Monday, September 10, 2007
Goodbye, Madeleine
I heard today that Madeleine L'Engle died on Sept. 6. Madeleine, of course, wrote many books, my favorite of which was the very first book of hers I ever read: A Wrinkle in Time.
I suppose it might be hypocritical to say that this news saddened me... After all, it's probably been a decade or more since the last time I picked the book up. I never, before this very day, questioned where the author was, what she was up to, or if she was still alive at all for that matter. I did not seek out any of her newer works (honestly, her later books set in the same world as Wrinkle in Time always left me a bit flat, truth be told); never saw the television miniseries based on the book; nothing.
And yet, thinking about this great lady's death, and the fact that there will never be another tale from such an inventive and distinct writer, saddens me all the same. Just thinking about the book's cover - a somewhat garish yellow that only books of the 70's seem to have used, emblazoned with a rainbow-winged flying centaur of all things - transports me back in time to when I was a second-grader in Greenbelt, Maryland.

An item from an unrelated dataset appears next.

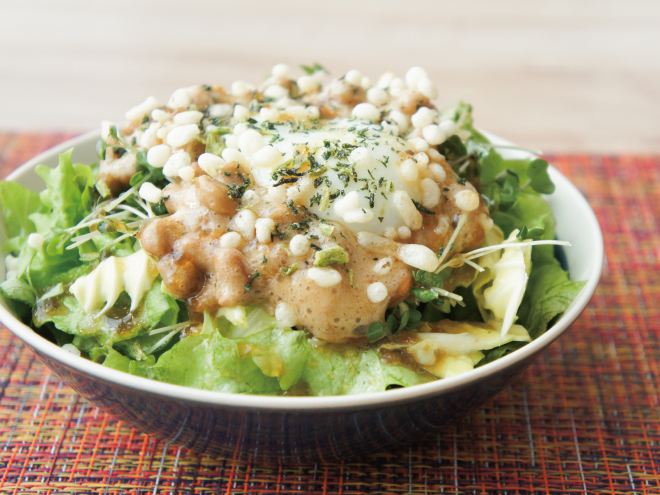 天かす温玉わさび納豆ブロッコリースプラウトサラダ 材料納豆(丹念納豆)、レタス、キャベツ、ブロッコリースプラウト、天かす、温泉卵、わさびふりかけ、玉ねぎドレッシング天かす温玉わさび納豆ブロッコリースプラウトサラダの作り方①レタス、キャベツ、ブロッコリースプラウトは、食べやすい大きさに切ったら、器に盛りつけます。②よく混ぜた納豆をかけたら、温泉卵をのせます。③玉ねぎドレッシング、天かす、わさびふりかけをかけたら完成です。

My elementary school (Geenbelt Elementary... it's still there, I checked) maintained a special bookshelf in the library dedicated to Newbery Award-winning books, and it was there that I first found a copy of Wrinkle. Needless to say, even in grade school, a boy walking the halls carrying a book with a rainbow-winged centaur on the cover was asking for a beat-down. I already had a reputation for being the slightly chubby, weird kid whose nose was always buried in a novel or a comic book, so my social standing among my peers was already somewhat shaky. In the end, I decided to risk it and checked the book out. I'm glad that I did.
The book's sci-fi flavor drew me instantly, and I spent that night under my blanket, flashlight in hand, reading well past my bedtime. I simply could not put it down. I finished it the next day, emerging with a crush on Meg, her enticing main character, that was only matched by my unease regarding her creepy little brother, Charles Wallace.
Maybe that was the appeal... before that book, I can't think of a single story I'd ever read that contained characters that seemed so very real to me as Meg, Calvin and Charles Wallace did. That feeling made the peril they were in so much more engaging than anything I'd experienced in print up to that time.
Maybe that's why, when I write, I start with the characters first, investing the majority of my prep time in dreaming up their histories, mannerisms, desires and faults before putting pen to paper (or fingers to keyboard, if you will). Whether or not I actually succeed in creating characters with even a fraction of the draw as Ms. L'Engle's is, of course, up for debate.